Mas o dia do fim da farsa dele havia chegado, estavam prestes a pôr um ponto final em seus desvarios. O medo de ele descobrir tudo, no entanto, era grande e tinha fundamento, Kazu era um homem esperto e tinha seus contatos por todo o reino, aquela era uma operação arriscada que mudaria a nação de Órion para sempre. 

— Estamos com sérios problemas, sua namorada matou a Minerva. — Contou Kazu. Aconselhou Hayate a deixar Kin ir para as ruas mesmo cansada porque não esperava que ela ainda tivesse tanta força, tinha certeza de que, nas condições em que estava, os assassinos que contratou dariam cabo dela.

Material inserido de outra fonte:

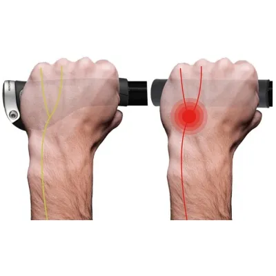 Si tu muñeca se dobla en exceso durante demasiado tiempo, los nervios, tendones y vasos sanguíneos se comprimen. El resultado es que el canal del túnel carpiano se contrae, lo que podría dañar el nervio mediano. Los viajes largos y la fatiga hacen que al ciclista le resulte aún más difícil mantener una postura correcta y saludable. El diseño alado de nuestros puños GP proporcionan a la mano más apoyo y automáticamente coloca la muñeca en una posición más ergonómica, evitando entumecimiento, hormigueo y dolor.
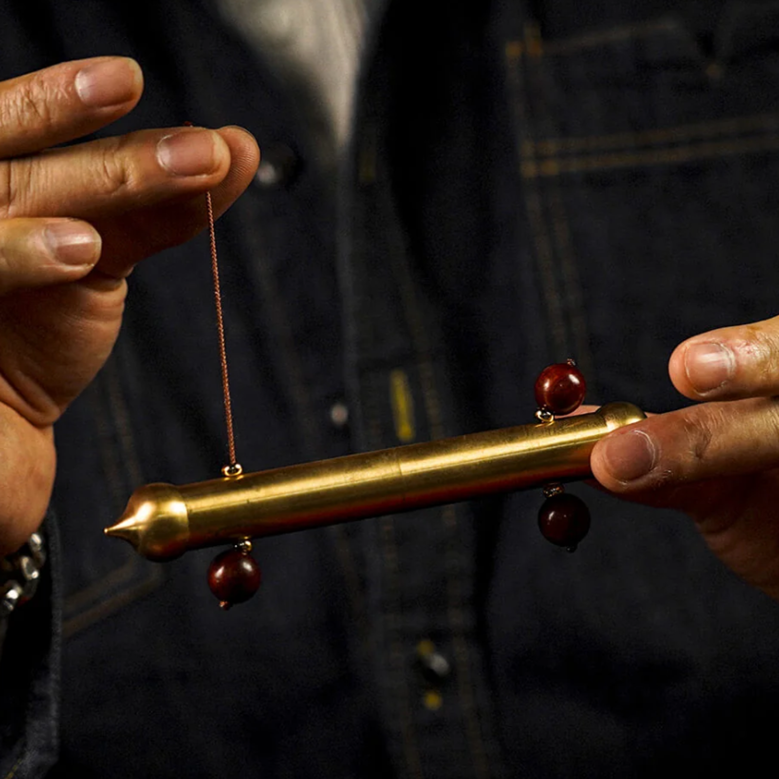 This modern version features a brass stick measuring 13.5 cm in length, with four wooden beads attached to each end, one of which is hanging on a cord. When you pull a bead on one side, the hanging bead is retracted, and when you pull a bead on the other side, the hanging one remains retracted. This process is repeated in various combinations, giving the illusion that all the beads are connected.
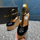 ALAIA WEDGE PUMP 15 CM IN BLACK LAMBSKIN AND BEIGE RUBBER
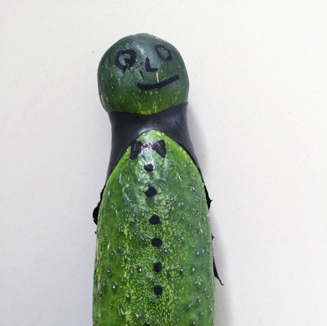 ürfen wir vorstellen: Das ist „Gentle-Gurke“. Er wuchs durch die Folie, was ihm diese einzigartigen Rundungen verlieh. Mit Gesicht und Knöpfen setzten wir ihm liebevoll dann noch ein paar Akzente.
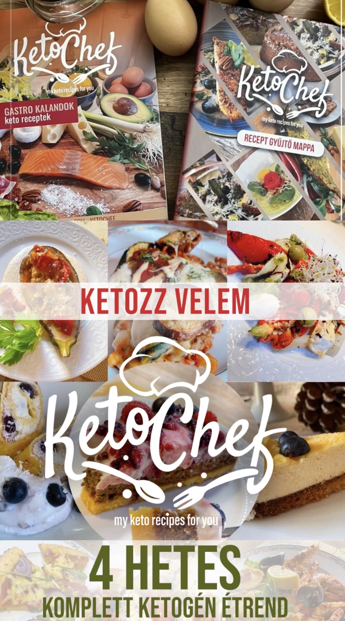-Ketochef Gastro Kalandok receptes kézi könyv 70 nagyszerű fogással és desszerttel, 140 oldalon át.
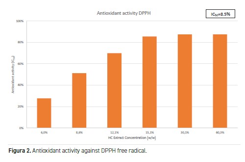 La actividad antioxidante del extracto HC en comparación con otros antioxidantes conocidos se recoge en la figura 3.
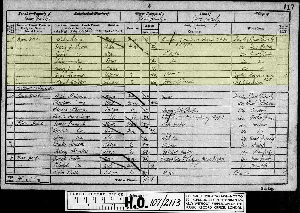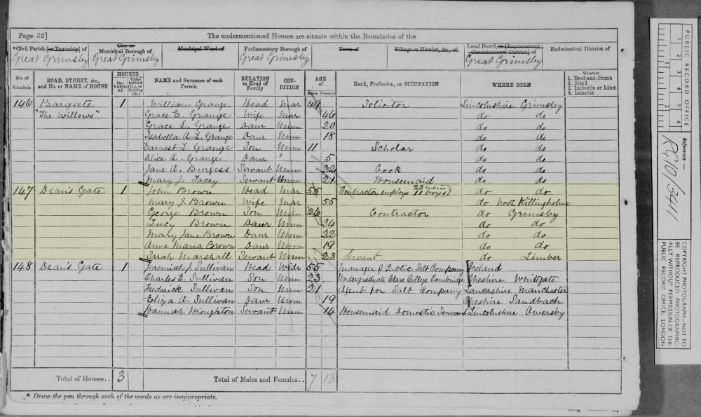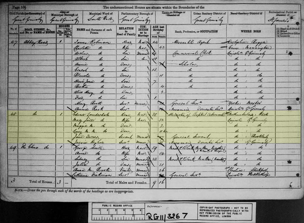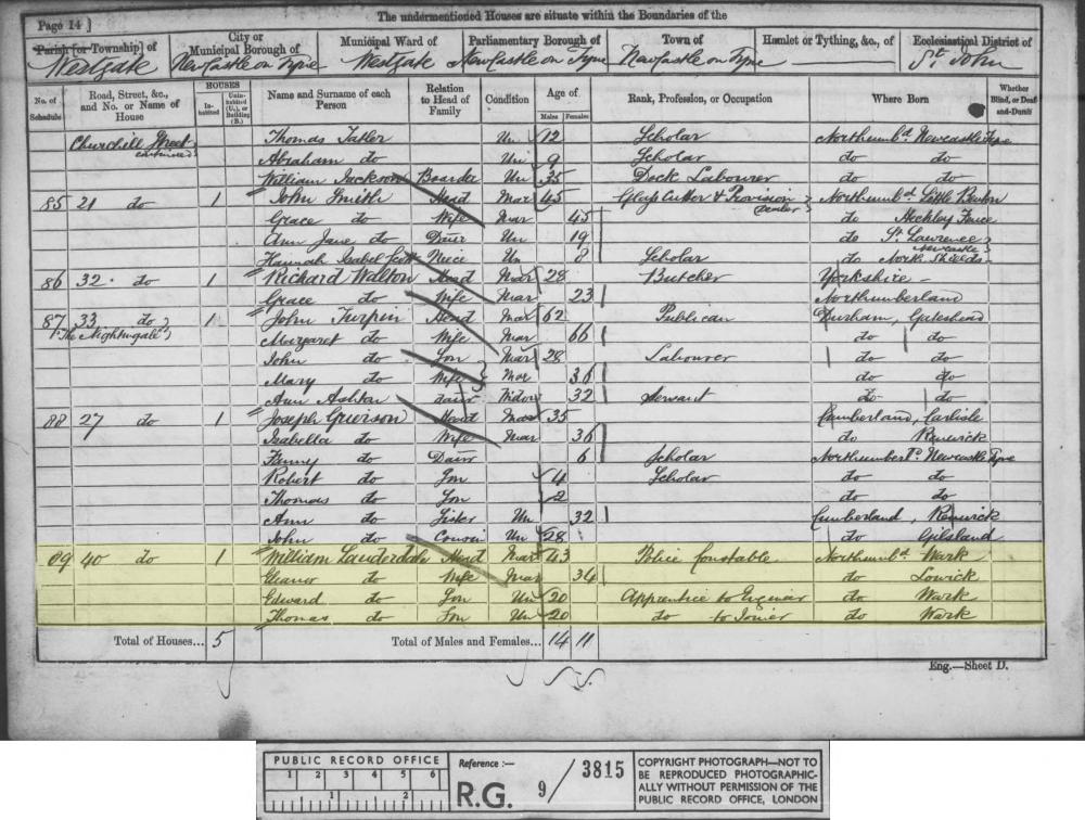 Edward was recorded in the 1891 Census taken on 5 Apr 1891 for Great Grimsby, Lincolnshire as living with his parents Edward and Mary Lauderdale at Abbey Road. The household consisted of Edward, his wife Mary, their two children Edward age 7 and Alice age 4. They also had a general servant Alice Williamson. The size of the house is unknown but it must have been fairly substantial and in an affluent area as most properties had at least one servant. Both the children are attending school.53

No fundo, Arashi ficou orgulhoso. Foi muito difícil esconder.

— Mas precisa dos quatro para o plano caminhar. O que pensa em fazer? — Fingiu preocupação. 

— Preciso dos poderes das quatro estações. Por sorte, a que morreu foi a representante do inverno. — Retrucou Kazu, permitindo que Arashi deduzisse por si mesmo onde ele queria chegar. — Eu falei com os outros três e parece que a morte da amiga os deixou mais determinados a levarem o plano até o fim. Vão te receber no grupo deles de braços abertos. 

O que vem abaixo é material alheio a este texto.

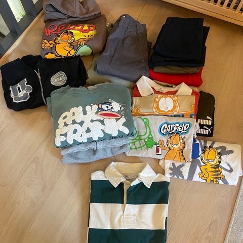 Fin klespakke i størrelse 134 / ca. 9 år. Klærne er pent brukt og passer fint til både hverdag og sommerdager.
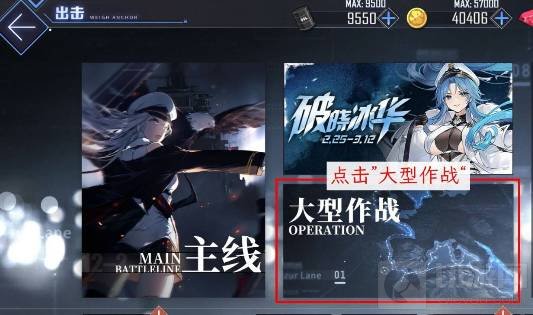 2.在打开的出击页面后,点击大型作战项,进入大型作战页面。

 — Eu estou sob vigia, Hayate vai descobrir sobre você se me tirar daqui antes de concretizar o objetivo e nós vamos ter mais problemas ainda. — Argumentou. 

O velho sorriu e se aproximou das grades.

— É um pouco tarde para se preocupar com ele descobrir sobre mim, não? Pode parar com o fingimento, eu sei que você trabalhou com eles por todos esses anos, Arashi. — Admitiu, em tom de sussurro. — Demorei mais do que eu gostaria de admitir, mas descobri. Você é um garoto muito inteligente, um espião brilhante. 

— Então o que te faz pensar que eu vou ajudá-lo...?! — Arashi, pela primeira vez em toda a sua vida, foi franco com ele.

Kazu lhe virou as costas e respondeu:

— Talvez uma linda garotinha que, por todos esses anos, você fez de tudo para manter afastada do Reino de Órion e de tudo o que tem a ver com retalhadores, como é mesmo o nome dela? Ah, é, Shiori

Ao ouvi-lo dizer o nome dela, Arashi esmurrou as grades. Nunca sentiu tanto ódio de alguém.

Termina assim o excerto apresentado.